На критику отвечать не принято, но на «письмо» как не ответить! И Ходасевич приводит один за другим весьма схожие с возмутившими Куприна стихами образцы пушкинского «косноязычия», в поисках «указует» отсылает оппонента перечитать хотя бы «Сон Татьяны», а заодно отмечает, что знание Куприным Пушкина не лучше его же памяти, ибо, когда почтенному Александру Ивановичу было пятнадцать, до рождения автора «Романса» оставался целый год…

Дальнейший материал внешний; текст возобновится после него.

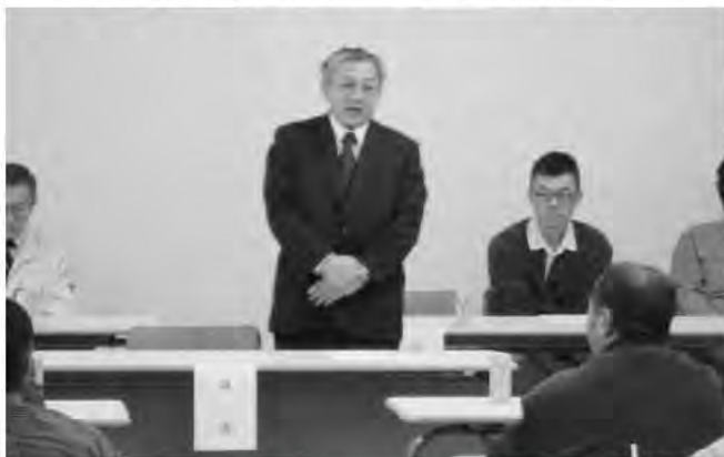
3月7日 上川町畑作園芸定期総会
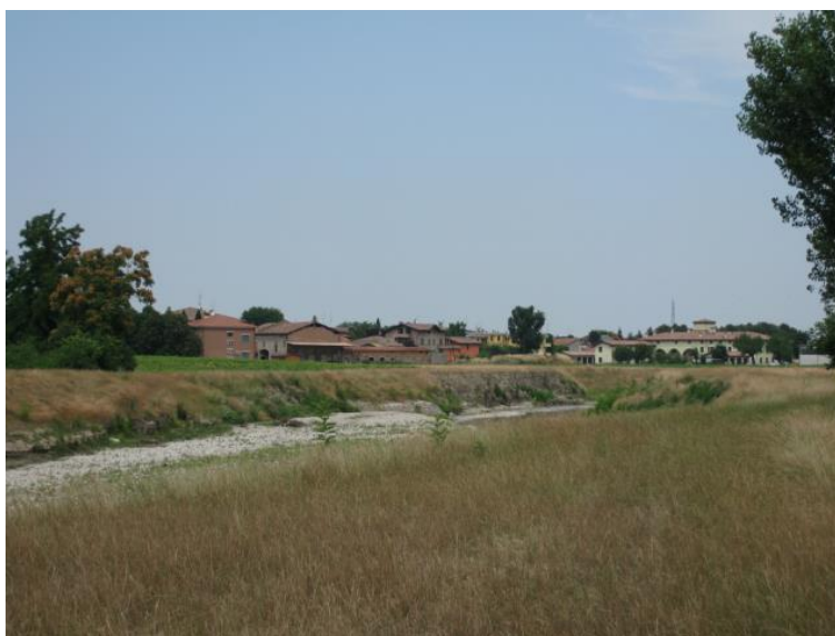
Foto 38 - Torrente Tresinaro dal ponte nei pressi di Due Maestà
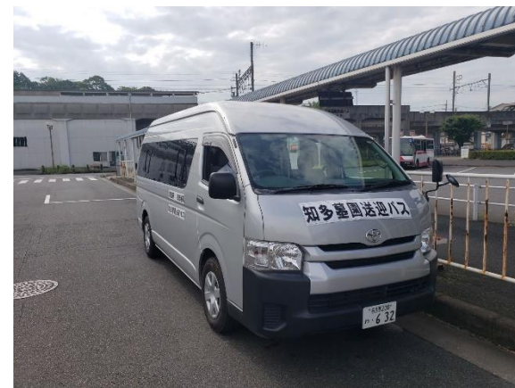
▲知多墓園送迎バス
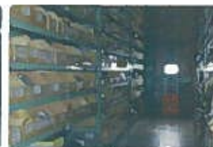
工場・倉庫の照明
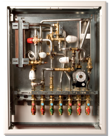
HERZ Wohnungsübergabestation HERZ Hydraulic Interface Unit

FCU or cooling ceilings installation with combi-valves SMART and HERZ zone valves
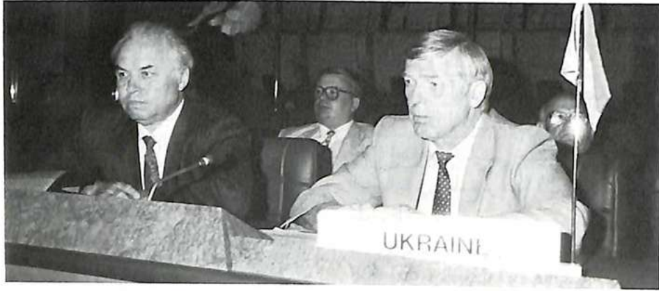
مندوبو ليطونيا وناميبيا وصلوفانيا وأكرانيا.
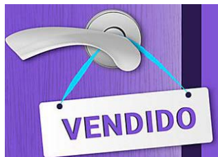
Vende tu casa entre particulares y ahórrate las comisiones. Housell
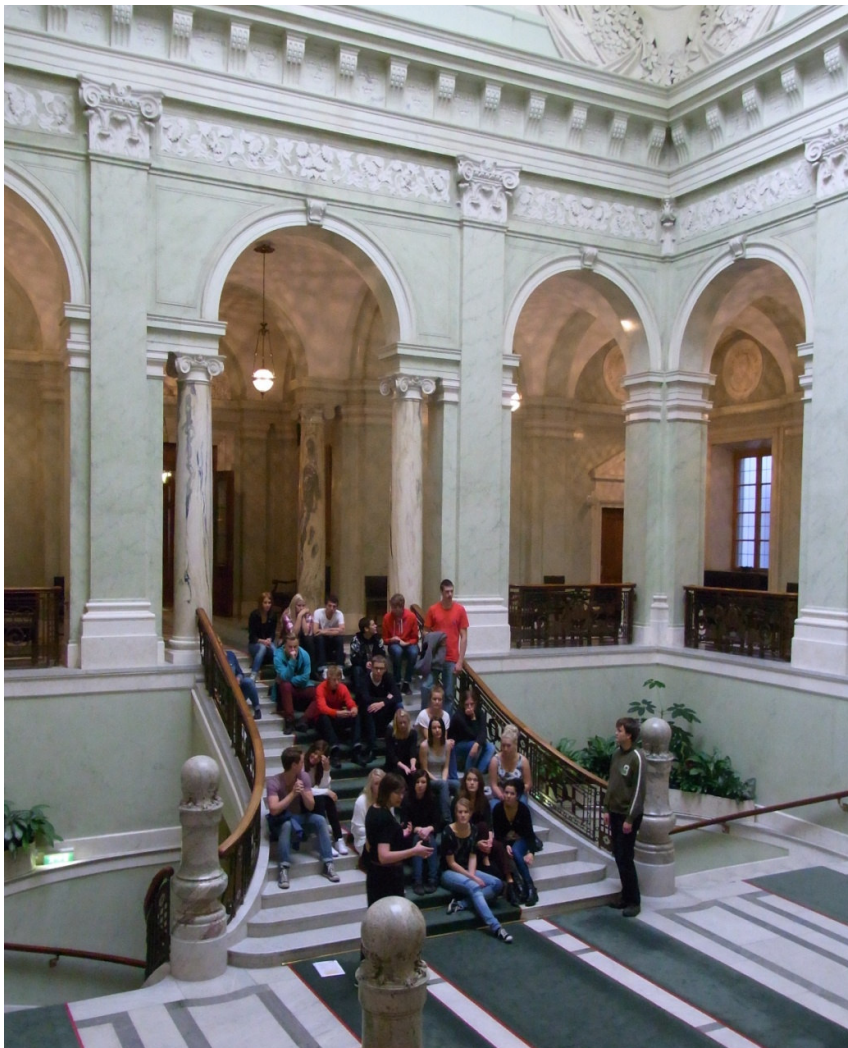
Samlade i entréhallen i den gamla delen av riksdagshuset.
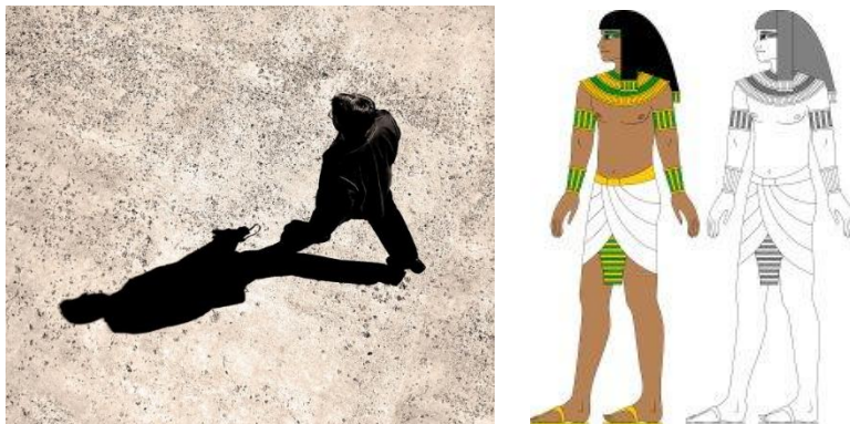
Рис. 3. Человек и его тень, двойник или душа КА (Египет)

СОЛО это вопрос СО ЛО? (совместно ли?), а САМ это сокращение СА+МНОЙ, т.е. с собой – ОБА МЫ. Человек считается не одним – за ним неотступно следует его тень. Древнее понимание тени как второго Я наглядно представлено на египетских изображениях Рис. 3 - 4.
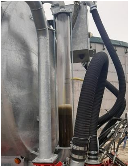
Slika 9. Staklena cijev na cisterni Peecon Euroline

Staklena cijev nalazi se na prednjoj strani cisterne i pomoću nje može se vidjeti, odnosno pratiti količina gnojovke unutar spremnika. Cijev se taktički nalazi na ovoj strani cisterne kako bi se mogla pratiti razina gnojovke u radu dok se osoba nalazi u traktoru. Na gornjoj i donjoj strani staklene cijevi nalaze se brtve koje su međusobno povezane šipkama beskonačnog navoja.
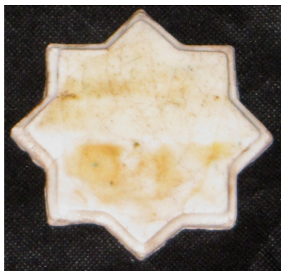
تصویر ۵- نمونه تست احیاء هشتم.
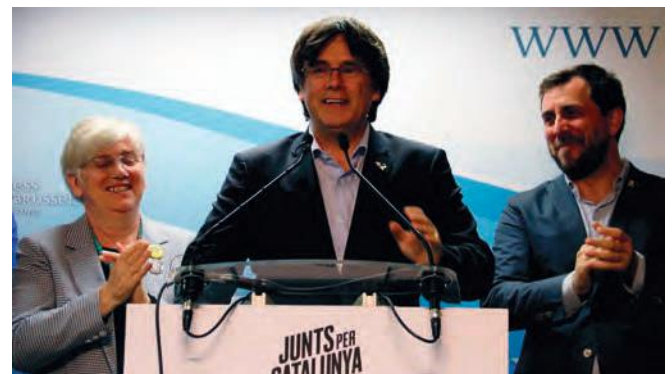
■ Carles Puigdemont, Toni Comin i Clara Ponsatí, en la compareixença la nit de les eleccions europees
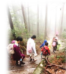
3月19日 ファミリー登山
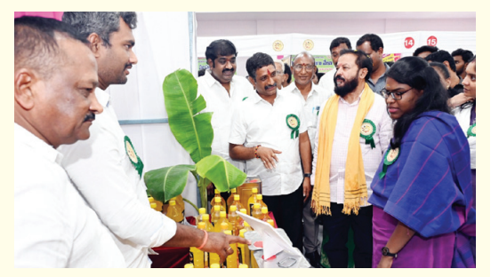
రాష్ట్రంలోనే తొలిసారిగా ఏలూరులో సీనియర్ ఆహార ఉత్పత్తులు మెగా మేళా ఏర్పాటు

రైతులకు శుభవార్త - సీనియర్ ఆహార అలవాట్లను చేసుకుని మనమంతా ఆరోగ్యాన్ని కాపాడుకుంటూ, పక్కతి వ్యవసాయ రైతులకు అండగా నిలవాలి - 80 మంది ఆర్గానిక్ వ్యవసాయ ఉత్పత్తి రైతులు, 180 వివిధ రకాలు ఉత్పత్తులు, 50 స్టాల్స్ ఏర్పాటు. - సీనియర్ ఆహార ఉత్పత్తులు తొలిరోజు మెగా మేళాను జిల్లా కలెక్టరు కె.వెణ్కటేశ్వర్లు లాంఛనంగా ప్రారంభించారు - జిల్లా కలెక్టరుతో పాటు దెందులూరు ఎమ్మెల్యే చింతమనేని ప్రభాకర్, ఉంగుటూరు ఎమ్మెల్యే పత్తమట్ల ధర్మరాజు, డిసియంయస్ చైర్మన్ చాగంటి మురళీకృష్ణ మిగతా 2
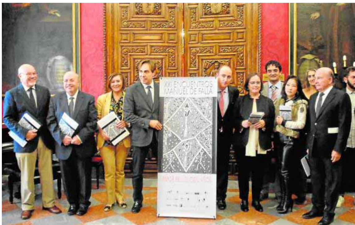
Presentación de los XXI Encuentros Manuel de Falla, ayer, en el Ayuntamiento.
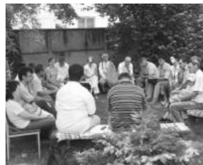
Az újszentesi parókia kertjében tartották a Temesvári Egyházmegye lelkeszerkezetét
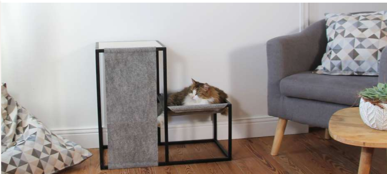
Nouméa se prélassé dans le hamac de son Arbre à Chat Élégance Format S

Disponible dès le 11 novembre 2021 sur www.homycat.com sous forme de pré-commande, l'arbre à chat Élégance sera proposé à prix réduit avec jusqu'à 120€ offerts pour l'achat d'un produit de la nouvelle gamme Distinction avant le 5 janvier 2022. Plusieurs tailles et variantes disponibles à partir de 299,00€ TTC.
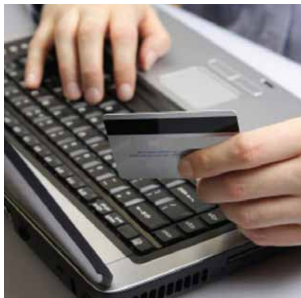
El servicio bancario fue declarado esencial y, por lo tanto, no padeció la interrupción del movimiento de transacciones.

El sector bancario tuvo un papel crítico que cumplir para mitigar el shock macroeconómico y financiero sin precedentes causado por la pandemia dando apoyo a los
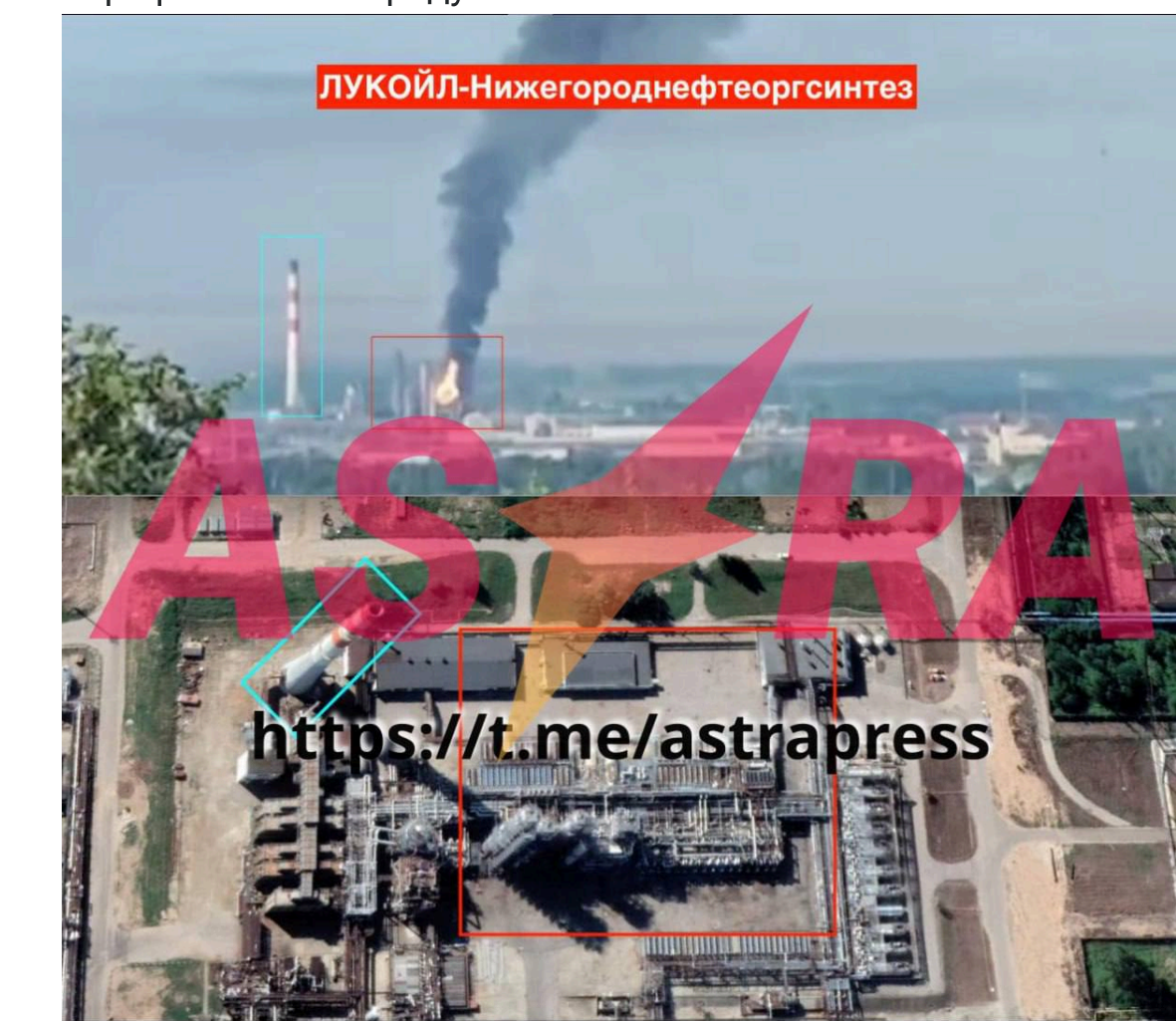
Фото: Дрони вдарили по заводу Лукойлу - що горить у Кстові (t.me/astrapress)

Удар по хімічному комбінату на Ставрополілі

Отсутствие видимой реакции из стана записных пушкинистов, более, чем Куприн, образованных, не удивительно. Им-то хорошо известно, что Ходасевич — не первый, кто решился «окончить» набросок про дожа и догарессу. Первым был Аполлон Майков, в 1888 году написавший «Старого дожа» с извинением: «Да простит мне тень великого поэта попытку угадать: что было дальше?» Получилось многословно, неубедительно, подчас комично:
Дож рванул усы седые…
Мысль за мыслью, целый ад,
Словно молний стрелы злые
Душу мрачную браздят…
Вероятно, потому никто не уловил в «самоуничижении» старого поэта лукавой ноты: он-то имел повод думать, что «угадал». Но про то — чуть позже…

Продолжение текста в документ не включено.